La mise en place des instruments d’action publique présentés dans ce papier nécessite, dans la majorité des cas, une large réforme des politiques du logement, et parfois une remise en cause de leur approche, dont les principaux prérequis sont identifiés dans cette première partie. Aussi, le transfert de dispositifs techniques et financiers et d’éventuelles bonnes

pratiques nécessite d’avoir en tête quelques éléments théoriques et opérationnels sur les conditions de leur réussite, et parfois de leur échec. 1.1 Une série de prérequis à la fabrique de nouvelles politiques du logement

Les politiques publiques sont appelées à jouer un rôle essentiel pour organiser et accompagner, directement et indirectement, la diversification des systèmes nationaux et

locaux de production du logement. Les instruments légaux, financiers, fiscaux, réglementaires ou opérationnels des États et des collectivités représentent des leviers essentiels pour agir sur

les stratégies, les comportements et les décisions, notamment économiques, des ménages d’une part, et des différents acteurs du financement et de la production du logement, d’autre

part. Ces derniers sont habituellement regroupés en trois grandes catégories : les acteurs publics ; les acteurs privés ; et les acteurs coopératifs, associatifs et mutualistes

(Arnaud, 1990).

À cet égard, réformer les politiques publiques du logement requiert une série de mutations dans la philosophie et la fabrique même des instruments d’action publique. Alors que le

tournant néolibéral des années 1980 a fortement fait évoluer les cadres de pensée, les objectifs et les outils d’intervention des États dans le secteur de l’habitat, l’enjeu est aujourd’hui

de constituer une action publique globale, capable de diversifier l’offre de logements et intégrée aux autres volets sectoriels des politiques urbaines (mobilité, environnement,

développement économique, etc.). Cette transformation requiert au moins sept principes pour l’action publique.

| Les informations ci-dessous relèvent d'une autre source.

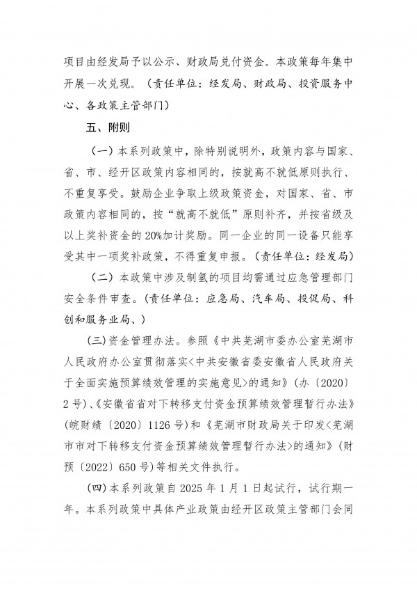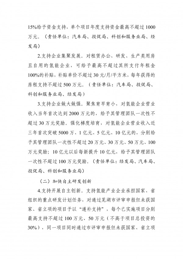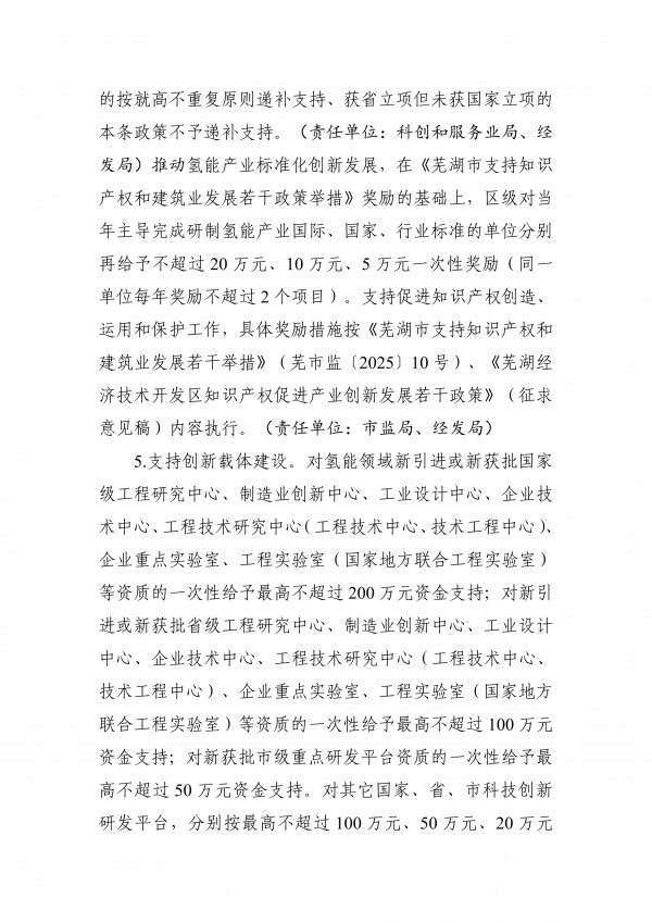4、支持开展自主创新。支持氢能产业企业承担国家、省组织的重点研发计划任务,对通过芜湖市评审申报但未获国家、省立项的项目予以“递补支持”,每个已实施项目分别最高支持不超过100万元、50万元(不高于项目总投资的30%),同一项目同时通过市评审申报但未获国家、省立项的按就高不重复原则递补支持、获省立项但未获国家立项的本条政策不予递补支持。推动氢能产业标准化创新发展,在《芜湖市支持知识产权和建筑业发展若干政策举措》奖励的基础上,区级对当年主导完成研制氢能产业国际、国家、行业标准的单位分别再给予不超过20万元、10万元、5万元一次性奖励(同一单位每年奖励不超过2个项目)。支持促进知识产权创造、运用和保护工作,具体奖励措施按《芜湖市支持知识产权和建筑业发展若干举措》(芜市监〔2025〕10号)、《芜湖经济技术开发区知识产权促进产业创新发展若干政策》(征求意见稿)内容执行。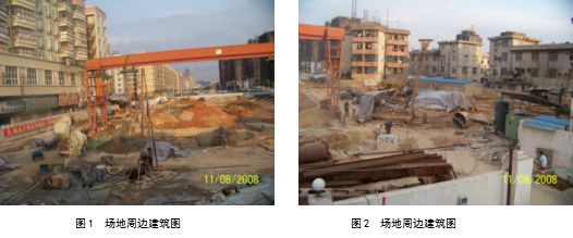 深圳市某地铁工程标段位于深圳宝安区,由两个车站和两个区间段共计四个单位工程组成,全长2479.1m,是深圳地铁系统的重要组成部分,该标段车站采用明挖顺筑法施工,区间段采用盾构法施工。其中,暗挖区间隧道工程位于深圳市宝安区一主干路下11m~12m,所在地区为海积平原,地形平坦。隧道上方场地内管线已改迁完毕,但场地内仍存有废弃雨水、污水、路灯等地下管线管道,两侧主要建筑物为90年代初修建的3~5层零星建筑物。周边建筑情况如图1及图2所示。

1. Il s’agit d’affirmer que le logement est un droit humain avant d’être une marchandise ou un

actif financier, et que sa valeur d’usage et sa « fonction sociale » doivent prévaloir sur sa valeur d’échange, conformément au texte des Objectifs de Développement durable ou du Nouvel Agenda Urbain de Quito (2016) 2. Or dans la plupart des pays, l’objectif social est passé au second rang, les secteurs de l’immobilier résidentiel et de la construction étant promus

comme vecteurs fondamentaux de croissance économique et de création d’emplois. En effet, la primauté accordée aux objectifs économiques et financiers visait à encourager la

constitution d’un capital pour les accédants, la bancarisation des ménages modestes, et le développement de la dette privée et des marchés financiers locaux. De plus, des objectifs environnementaux doivent désormais être intégrés aux politiques du logement, tant sur les questions de performance énergétique des bâtiments que de consommation et d’artificialisation du sol.

2 Les principaux accords en la matière sont l’article 25 de la Déclaration universelle des droits de l’homme de 1948, l’Objectif du Développement Durable n°11.1 des Nations Unies, la Déclaration de Vancouver sur les établissements humains (Habitat I) de 1976, la Déclaration d’Istanbul sur les établissements humains (Habitat II) de 1996, et la Déclaration de Quito sur les villes et les établissements humains viables pour tous (Nouveau Programme pour les Villes) (Habitat III) de 2016.